# mud from bucket



## icerock drywall (Nov 13, 2010)

for the last 3 years now I have not pulled mud out of a bucket with a knife to load my pan or hawk:thumbup:
keep your sides clean and at the end of the day add water...at the start of a new day suck it up with the tube and shoot it out a the sheep in the back yard :yes:


----------



## moore (Dec 2, 2010)

A pump in the bucket with a little water on top of the mix will work as well..no?


----------



## icerock drywall (Nov 13, 2010)

moore said:


> A pump in the bucket with a little water on top of the mix will work as well..no?


 
easy to get mud from the floor or stilts:thumbup:


----------



## 2buckcanuck (Jul 9, 2010)

http://www.walltools.com/better-than-ever-red-diamond-bucket-piston-bp-01.html


----------



## cazna (Mar 28, 2010)

2buckcanuck said:


> http://www.walltools.com/better-than-ever-red-diamond-bucket-piston-bp-01.html


I have one those, Never use it. I tape with hotmud and tool the rest so use a pump.

Quite like these, Easy, Simple work great.

http://www.walltools.com/products/d...ools/mud-bucket-scoop-drywall-pail-scoop.html


----------



## icerock drywall (Nov 13, 2010)

2buckcanuck said:


> http://www.walltools.com/better-than-ever-red-diamond-bucket-piston-bp-01.html


 you did not read what I said about the sheep?


----------



## icerock drywall (Nov 13, 2010)

cazna said:


> I have one those, Never use it. I tape with hotmud and tool the rest so use a pump.
> 
> Quite like these, Easy, Simple work great.
> 
> http://www.walltools.com/products/d...ools/mud-bucket-scoop-drywall-pail-scoop.html


 I have two on them...
back in 2010 when all I used was durabond 90 to do my tapecoat with I still used it ..I could use 7 bags a day with my tube and rubber:thumbsup:
my I use ap and ff most of the time


----------



## Mudstar (Feb 15, 2008)

2buckcanuck said:


> http://www.walltools.com/better-than-ever-red-diamond-bucket-piston-bp-01.html



what a waste of money


----------



## 2buckcanuck (Jul 9, 2010)

Mudstar said:


> what a waste of money


maybe Cazna can send you his, then you 2 can be best of buds/mates


----------



## Mudstar (Feb 15, 2008)

2buckcanuck said:


> maybe Cazna can send you his, then you 2 can be best of buds/mates



I wouldn't use it anyways I pump my tube


----------



## icerock drywall (Nov 13, 2010)

Mudstar said:


> I wouldn't use it anyways I pump my tube


to me the waste is a pump...:blink: money on a pump :thumbup: some people like to bend over


----------



## icerock drywall (Nov 13, 2010)

cazna said:


> I have one those, Never use it.
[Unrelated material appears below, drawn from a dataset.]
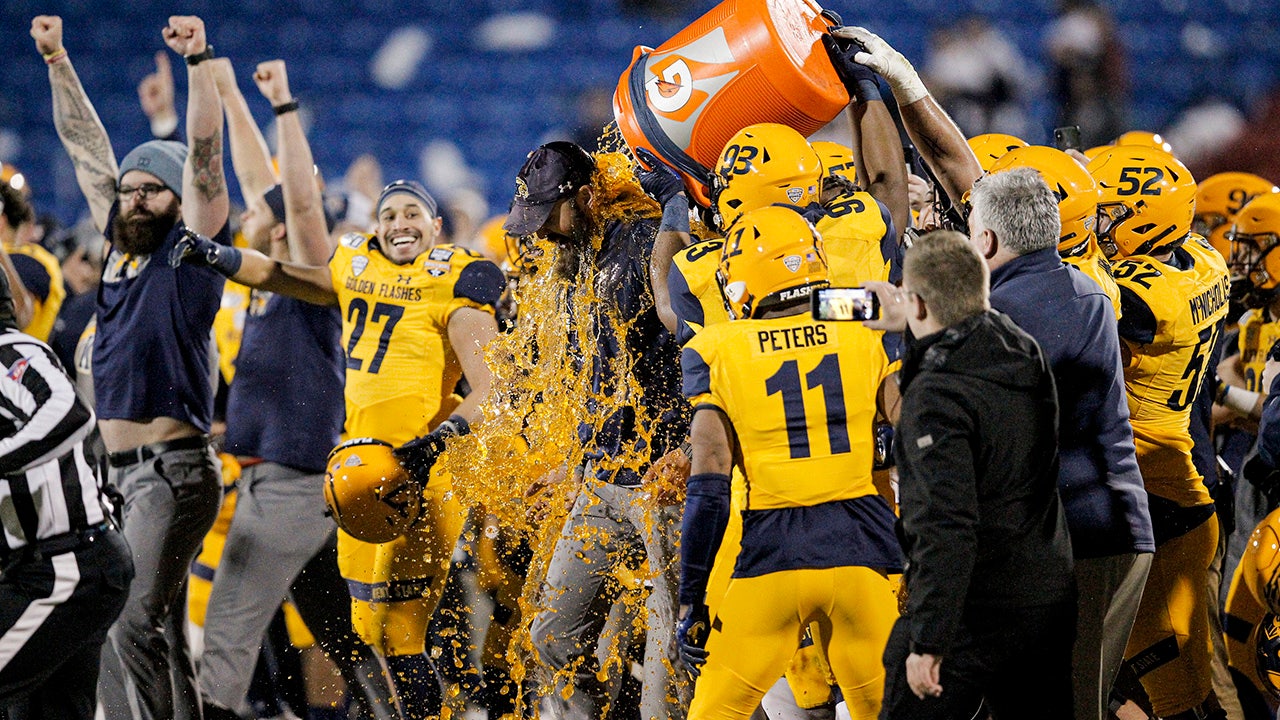 “I’m just so happy for the university,” said Crum, who also was Kent State’s leading rusher during the season. “We weren’t supposed to be here, but here we are.”

I tape with hotmud and tool the rest so use a pump.
> 
> Quite like these, Easy, Simple work great.
> 
> http://www.walltools.com/products/d...ools/mud-bucket-scoop-drywall-pail-scoop.html


I have run 7 bags of durabond 90 on one job with the tube...works fine ( tape coat ) but I don't anymore >>> don't need durabond with fibafues :thumbup:


----------



## eazyrizla (Jul 29, 2010)

no pump to plug into the wall yet?


----------



## icerock drywall (Nov 13, 2010)

eazyrizla said:


> no pump to plug into the wall yet?


http://www.youtube.com/watch?v=sogtIFMV-S8


----------



## icerock drywall (Nov 13, 2010)

eazyrizla said:


> no pump to plug into the wall yet?


http://www.youtube.com/watch?v=Wx4UB8j__BA


----------



## Pytlik (Jan 14, 2013)

icerock: 
How do you tape with a tube useing hotmud ?, could be usefull on small jobs


----------



## icerock drywall (Nov 13, 2010)

Pytlik said:


> icerock:
> How do you tape with a tube useing hotmud ?, could be usefull on small jobs


WOW I have been waiting for that ?:yes:


----------



## icerock drywall (Nov 13, 2010)

Pytlik said:


> icerock:
> How do you tape with a tube useing hotmud ?, could be usefull on small jobs


big job and small jobs ...I could tape coat a hole house with durabond 90 and never get hard in the tube and use all the mud without scrap !!! you want to know how ? and that is with one person


----------



## Mr.Brightstar (Dec 2, 2011)

icerock drywall said:


> big job and small jobs ...I could tape coat a hole house with durabond 90 and never get hard in the tube and use all the mud without scrap !!! you want to know how ? and that is with one person


How?


----------



## icerock drywall (Nov 13, 2010)

OK but I don't do it this was anymore because of fibafuse. but it is a fast process.
here is the dirty word MESH tape the hole house
mix durabond 90 two bags at a time.
start off on the inside corners ...use tube with no tip on it just a 3/8 bead on all the corners in one room.
then flush corners like your running a box tool ,..all one way then back the other way keep flusher in a bucket in h20 and a big sponge ...best to have a cart with the mud and tube and flusher to push around from room to room ...the tube will push the mud in past the mesh and fill any hole ...any left over mud will go on the butts with a 10'' whatever you like !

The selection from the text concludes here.